# A question about current density in finite element analysis

• A
• JH_1870
In summary, the conversation is discussing the use of current density and Maxwell's equations when there are multiple current sources present. The individual is trying to determine which value to use and if the superposition principle needs to be applied. They are also considering the effects of ferromagnetic materials and how they may complicate the problem. The conversation suggests that this is a non-trivial problem and may require simplifying assumptions or may be very difficult to solve in the general case. Additional resources are recommended for further reading and understanding of the problem.

#### JH_1870

I know that if there is only one conductor providing the current density, then the current density can be used. But if you apply Maxwell's equation when there are multiple current sources, I don't know which value to use.

This is not an analysis using a tool, but a problem when I develop the code myself.
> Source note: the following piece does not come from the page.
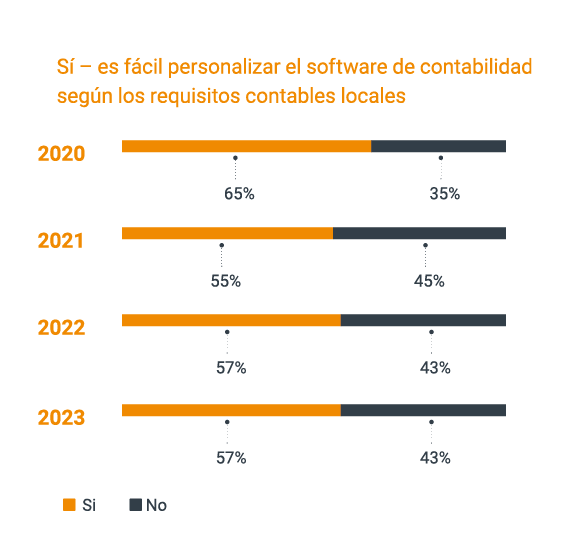 Por otro lado, la digitalización también puede acarrear su propia complejidad. Por ejemplo, cada vez es más difícil adaptar el software contable a los requisitos locales: nuestros expertos en el 43 % de las jurisdicciones indican que no es fácil, frente al 35 % en 2020. Esto demuestra que, a medida que la digitalización se integra más en todo el mundo, las organizaciones pueden enfrentar desafíos a la hora de alinear su software contable y fiscal a nivel local.

Should I calculate all the values for multiple independent sources and then add them up? Where J is the applied current density. Is it correct to use the applied current density when calculating the magnetic potential in the iron core?

And, when there are several applied current densities, is it necessary to apply the superposition principle to solve them?

This appears to be a very non-trivial problem that you are trying to solve. For problems with ferromagnetic materials, sometimes the geometry involved leads to simplifying assumptions, particularly in the case of transformers. You might find some good reading in this thread, along with some of the "links" that are referenced: https://www.physicsforums.com/threads/magnetic-flux-is-the-same-if-we-apply-the-biot-savart.927681/
For the general case of magnetic materials with currents in conductors, I think it may be a very difficult problem that you are trying to tackle.

Just an additional comment or two: This type of problem can not be solved as a perturbation with a small response and source generated from the ferromagnetic material. Instead, in many cases, the response of the ferromagnetic material may be many and many times larger than the original source from the free currents in the conductor. Perhaps others may also comment, but this is my take on this problem.

## 1. What is current density in finite element analysis?

Current density is a measure of the amount of electric current flowing through a unit area in a material. In the context of finite element analysis, it is used to determine the distribution of current within a conductive material.

## 2. How is current density calculated in finite element analysis?

Current density is calculated by dividing the total current passing through a given area by the cross-sectional area of the material. In finite element analysis, this is typically done using numerical methods to approximate the current distribution within the material.

## 3. Why is current density an important factor in finite element analysis?

Current density is important because it affects the behavior and performance of conductive materials. By accurately calculating and analyzing current density, we can better understand the flow of electricity within a material and predict potential issues or failures.

## 4. How does the mesh size affect current density in finite element analysis?

The mesh size, or the size of the individual elements in the finite element model, can have a significant impact on the accuracy of current density calculations. Smaller mesh sizes can provide more accurate results, but also require more computational resources and time.

## 5. Can current density be used to assess the quality of a conductive material?

Yes, current density can be used as a metric for the quality of a conductive material. A uniform and consistent current density distribution is indicative of a well-performing material, while irregularities or high concentrations of current can indicate potential weaknesses or defects.